DATA EXTRACT below:
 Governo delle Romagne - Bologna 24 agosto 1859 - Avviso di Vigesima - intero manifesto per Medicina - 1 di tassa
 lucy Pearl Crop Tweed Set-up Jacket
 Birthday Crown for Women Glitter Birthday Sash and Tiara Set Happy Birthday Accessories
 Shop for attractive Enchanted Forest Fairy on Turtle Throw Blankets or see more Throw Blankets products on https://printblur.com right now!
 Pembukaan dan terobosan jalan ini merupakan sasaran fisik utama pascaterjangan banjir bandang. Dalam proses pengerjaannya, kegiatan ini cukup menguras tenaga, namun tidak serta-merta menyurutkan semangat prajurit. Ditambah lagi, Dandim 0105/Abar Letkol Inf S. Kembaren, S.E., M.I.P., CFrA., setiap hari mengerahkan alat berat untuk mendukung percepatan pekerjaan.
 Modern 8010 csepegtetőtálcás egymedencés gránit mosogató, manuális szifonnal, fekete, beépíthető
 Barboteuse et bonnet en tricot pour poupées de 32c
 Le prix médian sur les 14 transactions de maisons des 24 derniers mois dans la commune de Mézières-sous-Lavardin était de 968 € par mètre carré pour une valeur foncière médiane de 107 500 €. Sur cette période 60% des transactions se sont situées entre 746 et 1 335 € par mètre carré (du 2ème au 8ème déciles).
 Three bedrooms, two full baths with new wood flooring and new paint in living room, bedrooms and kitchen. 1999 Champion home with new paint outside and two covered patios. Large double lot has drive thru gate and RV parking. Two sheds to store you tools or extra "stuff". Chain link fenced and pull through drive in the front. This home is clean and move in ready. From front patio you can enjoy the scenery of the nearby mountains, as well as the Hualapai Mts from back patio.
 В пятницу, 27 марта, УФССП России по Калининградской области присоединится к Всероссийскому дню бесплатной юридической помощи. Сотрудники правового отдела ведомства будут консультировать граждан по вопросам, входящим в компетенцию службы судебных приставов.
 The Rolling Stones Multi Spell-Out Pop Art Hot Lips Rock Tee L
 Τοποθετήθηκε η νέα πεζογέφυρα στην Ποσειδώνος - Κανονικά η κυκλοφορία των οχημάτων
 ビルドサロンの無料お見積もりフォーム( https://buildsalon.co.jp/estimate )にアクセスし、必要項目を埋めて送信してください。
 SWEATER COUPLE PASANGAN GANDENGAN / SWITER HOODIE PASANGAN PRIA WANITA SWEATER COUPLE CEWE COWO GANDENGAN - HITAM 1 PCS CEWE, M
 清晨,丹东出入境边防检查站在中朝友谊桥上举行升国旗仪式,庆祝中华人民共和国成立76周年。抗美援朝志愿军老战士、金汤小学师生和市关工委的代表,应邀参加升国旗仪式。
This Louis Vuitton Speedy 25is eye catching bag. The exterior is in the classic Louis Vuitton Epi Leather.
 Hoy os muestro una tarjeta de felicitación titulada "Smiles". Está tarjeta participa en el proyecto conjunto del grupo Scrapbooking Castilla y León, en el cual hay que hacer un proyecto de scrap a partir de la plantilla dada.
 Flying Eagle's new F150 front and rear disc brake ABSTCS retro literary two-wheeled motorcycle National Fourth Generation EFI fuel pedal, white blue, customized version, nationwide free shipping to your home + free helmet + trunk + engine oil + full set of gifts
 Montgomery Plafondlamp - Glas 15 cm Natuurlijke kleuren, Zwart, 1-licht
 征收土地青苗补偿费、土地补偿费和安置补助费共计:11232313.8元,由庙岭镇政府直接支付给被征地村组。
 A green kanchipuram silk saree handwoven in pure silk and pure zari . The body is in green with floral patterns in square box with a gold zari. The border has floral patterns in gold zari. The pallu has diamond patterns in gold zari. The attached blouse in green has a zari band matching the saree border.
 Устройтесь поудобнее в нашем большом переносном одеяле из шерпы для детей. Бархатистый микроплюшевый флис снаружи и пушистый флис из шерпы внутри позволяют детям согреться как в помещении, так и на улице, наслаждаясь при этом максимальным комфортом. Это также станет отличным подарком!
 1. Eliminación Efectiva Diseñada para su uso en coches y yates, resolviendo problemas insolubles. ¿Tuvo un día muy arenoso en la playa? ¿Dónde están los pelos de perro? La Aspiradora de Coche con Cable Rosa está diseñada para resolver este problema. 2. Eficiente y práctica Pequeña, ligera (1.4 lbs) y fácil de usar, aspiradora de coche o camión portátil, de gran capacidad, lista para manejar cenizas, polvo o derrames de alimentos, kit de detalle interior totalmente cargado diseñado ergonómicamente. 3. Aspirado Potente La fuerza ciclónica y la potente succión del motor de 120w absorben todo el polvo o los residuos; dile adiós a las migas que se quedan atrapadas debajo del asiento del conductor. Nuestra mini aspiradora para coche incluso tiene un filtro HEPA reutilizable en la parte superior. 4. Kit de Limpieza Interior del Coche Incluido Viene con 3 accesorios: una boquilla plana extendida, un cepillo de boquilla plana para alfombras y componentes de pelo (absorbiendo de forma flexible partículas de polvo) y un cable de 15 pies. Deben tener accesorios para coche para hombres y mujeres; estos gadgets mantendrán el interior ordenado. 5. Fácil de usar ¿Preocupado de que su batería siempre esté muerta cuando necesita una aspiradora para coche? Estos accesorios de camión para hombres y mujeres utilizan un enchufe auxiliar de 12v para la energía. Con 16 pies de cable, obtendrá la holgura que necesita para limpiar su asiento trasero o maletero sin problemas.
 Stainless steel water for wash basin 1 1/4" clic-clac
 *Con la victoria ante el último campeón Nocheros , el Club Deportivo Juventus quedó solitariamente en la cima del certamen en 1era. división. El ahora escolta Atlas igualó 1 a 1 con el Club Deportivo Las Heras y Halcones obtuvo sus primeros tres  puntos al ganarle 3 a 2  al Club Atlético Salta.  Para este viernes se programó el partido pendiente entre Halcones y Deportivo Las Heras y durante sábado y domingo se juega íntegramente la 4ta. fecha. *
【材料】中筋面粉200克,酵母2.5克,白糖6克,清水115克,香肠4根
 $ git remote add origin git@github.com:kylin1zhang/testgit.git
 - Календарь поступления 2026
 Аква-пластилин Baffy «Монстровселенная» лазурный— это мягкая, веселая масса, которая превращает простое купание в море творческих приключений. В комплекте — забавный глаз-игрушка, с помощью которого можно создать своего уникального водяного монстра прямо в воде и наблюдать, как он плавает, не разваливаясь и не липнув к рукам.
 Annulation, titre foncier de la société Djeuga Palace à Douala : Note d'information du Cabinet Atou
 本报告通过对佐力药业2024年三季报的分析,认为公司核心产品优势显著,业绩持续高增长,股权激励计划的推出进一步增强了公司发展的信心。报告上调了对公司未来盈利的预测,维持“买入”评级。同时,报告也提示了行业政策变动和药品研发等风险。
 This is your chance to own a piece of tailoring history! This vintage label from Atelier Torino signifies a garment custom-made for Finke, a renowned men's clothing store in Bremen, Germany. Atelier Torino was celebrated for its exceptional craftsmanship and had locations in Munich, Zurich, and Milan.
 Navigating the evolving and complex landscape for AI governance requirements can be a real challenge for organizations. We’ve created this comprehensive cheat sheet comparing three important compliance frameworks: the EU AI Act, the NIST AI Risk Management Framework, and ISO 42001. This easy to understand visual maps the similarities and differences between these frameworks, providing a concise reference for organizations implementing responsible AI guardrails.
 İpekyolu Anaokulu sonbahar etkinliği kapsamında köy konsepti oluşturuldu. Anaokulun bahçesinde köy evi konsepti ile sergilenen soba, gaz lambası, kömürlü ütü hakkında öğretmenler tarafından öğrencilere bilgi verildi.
End of DATA EXTRACT.
• [TASK DIRECTIONS] Output every record above in full, exactly as it reads.

• [OUTPUT BELOW]
 Governo delle Romagne - Bologna 24 agosto 1859 - Avviso di Vigesima - intero manifesto per Medicina - 1 di tassa
 lucy Pearl Crop Tweed Set-up Jacket
 Birthday Crown for Women Glitter Birthday Sash and Tiara Set Happy Birthday Accessories
 Shop for attractive Enchanted Forest Fairy on Turtle Throw Blankets or see more Throw Blankets products on https://printblur.com right now!
 Pembukaan dan terobosan jalan ini merupakan sasaran fisik utama pascaterjangan banjir bandang. Dalam proses pengerjaannya, kegiatan ini cukup menguras tenaga, namun tidak serta-merta menyurutkan semangat prajurit. Ditambah lagi, Dandim 0105/Abar Letkol Inf S. Kembaren, S.E., M.I.P., CFrA., setiap hari mengerahkan alat berat untuk mendukung percepatan pekerjaan.
 Modern 8010 csepegtetőtálcás egymedencés gránit mosogató, manuális szifonnal, fekete, beépíthető
 Barboteuse et bonnet en tricot pour poupées de 32c
 Le prix médian sur les 14 transactions de maisons des 24 derniers mois dans la commune de Mézières-sous-Lavardin était de 968 € par mètre carré pour une valeur foncière médiane de 107 500 €. Sur cette période 60% des transactions se sont situées entre 746 et 1 335 € par mètre carré (du 2ème au 8ème déciles).
 Three bedrooms, two full baths with new wood flooring and new paint in living room, bedrooms and kitchen. 1999 Champion home with new paint outside and two covered patios. Large double lot has drive thru gate and RV parking. Two sheds to store you tools or extra "stuff". Chain link fenced and pull through drive in the front. This home is clean and move in ready. From front patio you can enjoy the scenery of the nearby mountains, as well as the Hualapai Mts from back patio.
 В пятницу, 27 марта, УФССП России по Калининградской области присоединится к Всероссийскому дню бесплатной юридической помощи. Сотрудники правового отдела ведомства будут консультировать граждан по вопросам, входящим в компетенцию службы судебных приставов.
 The Rolling Stones Multi Spell-Out Pop Art Hot Lips Rock Tee L
 Τοποθετήθηκε η νέα πεζογέφυρα στην Ποσειδώνος - Κανονικά η κυκλοφορία των οχημάτων
 ビルドサロンの無料お見積もりフォーム( https://buildsalon.co.jp/estimate )にアクセスし、必要項目を埋めて送信してください。
 SWEATER COUPLE PASANGAN GANDENGAN / SWITER HOODIE PASANGAN PRIA WANITA SWEATER COUPLE CEWE COWO GANDENGAN - HITAM 1 PCS CEWE, M
 清晨,丹东出入境边防检查站在中朝友谊桥上举行升国旗仪式,庆祝中华人民共和国成立76周年。抗美援朝志愿军老战士、金汤小学师生和市关工委的代表,应邀参加升国旗仪式。
This Louis Vuitton Speedy 25is eye catching bag. The exterior is in the classic Louis Vuitton Epi Leather.
 Hoy os muestro una tarjeta de felicitación titulada "Smiles". Está tarjeta participa en el proyecto conjunto del grupo Scrapbooking Castilla y León, en el cual hay que hacer un proyecto de scrap a partir de la plantilla dada.
 Flying Eagle's new F150 front and rear disc brake ABSTCS retro literary two-wheeled motorcycle National Fourth Generation EFI fuel pedal, white blue, customized version, nationwide free shipping to your home + free helmet + trunk + engine oil + full set of gifts
 Montgomery Plafondlamp - Glas 15 cm Natuurlijke kleuren, Zwart, 1-licht
 征收土地青苗补偿费、土地补偿费和安置补助费共计:11232313.8元,由庙岭镇政府直接支付给被征地村组。
 A green kanchipuram silk saree handwoven in pure silk and pure zari . The body is in green with floral patterns in square box with a gold zari. The border has floral patterns in gold zari. The pallu has diamond patterns in gold zari. The attached blouse in green has a zari band matching the saree border.
 Устройтесь поудобнее в нашем большом переносном одеяле из шерпы для детей. Бархатистый микроплюшевый флис снаружи и пушистый флис из шерпы внутри позволяют детям согреться как в помещении, так и на улице, наслаждаясь при этом максимальным комфортом. Это также станет отличным подарком!
 1. Eliminación Efectiva Diseñada para su uso en coches y yates, resolviendo problemas insolubles. ¿Tuvo un día muy arenoso en la playa? ¿Dónde están los pelos de perro? La Aspiradora de Coche con Cable Rosa está diseñada para resolver este problema. 2. Eficiente y práctica Pequeña, ligera (1.4 lbs) y fácil de usar, aspiradora de coche o camión portátil, de gran capacidad, lista para manejar cenizas, polvo o derrames de alimentos, kit de detalle interior totalmente cargado diseñado ergonómicamente. 3. Aspirado Potente La fuerza ciclónica y la potente succión del motor de 120w absorben todo el polvo o los residuos; dile adiós a las migas que se quedan atrapadas debajo del asiento del conductor. Nuestra mini aspiradora para coche incluso tiene un filtro HEPA reutilizable en la parte superior. 4. Kit de Limpieza Interior del Coche Incluido Viene con 3 accesorios: una boquilla plana extendida, un cepillo de boquilla plana para alfombras y componentes de pelo (absorbiendo de forma flexible partículas de polvo) y un cable de 15 pies. Deben tener accesorios para coche para hombres y mujeres; estos gadgets mantendrán el interior ordenado. 5. Fácil de usar ¿Preocupado de que su batería siempre esté muerta cuando necesita una aspiradora para coche? Estos accesorios de camión para hombres y mujeres utilizan un enchufe auxiliar de 12v para la energía. Con 16 pies de cable, obtendrá la holgura que necesita para limpiar su asiento trasero o maletero sin problemas.
 Stainless steel water for wash basin 1 1/4" clic-clac
 *Con la victoria ante el último campeón Nocheros , el Club Deportivo Juventus quedó solitariamente en la cima del certamen en 1era. división. El ahora escolta Atlas igualó 1 a 1 con el Club Deportivo Las Heras y Halcones obtuvo sus primeros tres  puntos al ganarle 3 a 2  al Club Atlético Salta.  Para este viernes se programó el partido pendiente entre Halcones y Deportivo Las Heras y durante sábado y domingo se juega íntegramente la 4ta. fecha. *
【材料】中筋面粉200克,酵母2.5克,白糖6克,清水115克,香肠4根
 $ git remote add origin git@github.com:kylin1zhang/testgit.git
 - Календарь поступления 2026
 Аква-пластилин Baffy «Монстровселенная» лазурный— это мягкая, веселая масса, которая превращает простое купание в море творческих приключений. В комплекте — забавный глаз-игрушка, с помощью которого можно создать своего уникального водяного монстра прямо в воде и наблюдать, как он плавает, не разваливаясь и не липнув к рукам.
 Annulation, titre foncier de la société Djeuga Palace à Douala : Note d'information du Cabinet Atou
 本报告通过对佐力药业2024年三季报的分析,认为公司核心产品优势显著,业绩持续高增长,股权激励计划的推出进一步增强了公司发展的信心。报告上调了对公司未来盈利的预测,维持“买入”评级。同时,报告也提示了行业政策变动和药品研发等风险。
 This is your chance to own a piece of tailoring history! This vintage label from Atelier Torino signifies a garment custom-made for Finke, a renowned men's clothing store in Bremen, Germany. Atelier Torino was celebrated for its exceptional craftsmanship and had locations in Munich, Zurich, and Milan.
 Navigating the evolving and complex landscape for AI governance requirements can be a real challenge for organizations. We’ve created this comprehensive cheat sheet comparing three important compliance frameworks: the EU AI Act, the NIST AI Risk Management Framework, and ISO 42001. This easy to understand visual maps the similarities and differences between these frameworks, providing a concise reference for organizations implementing responsible AI guardrails.
 İpekyolu Anaokulu sonbahar etkinliği kapsamında köy konsepti oluşturuldu. Anaokulun bahçesinde köy evi konsepti ile sergilenen soba, gaz lambası, kömürlü ütü hakkında öğretmenler tarafından öğrencilere bilgi verildi.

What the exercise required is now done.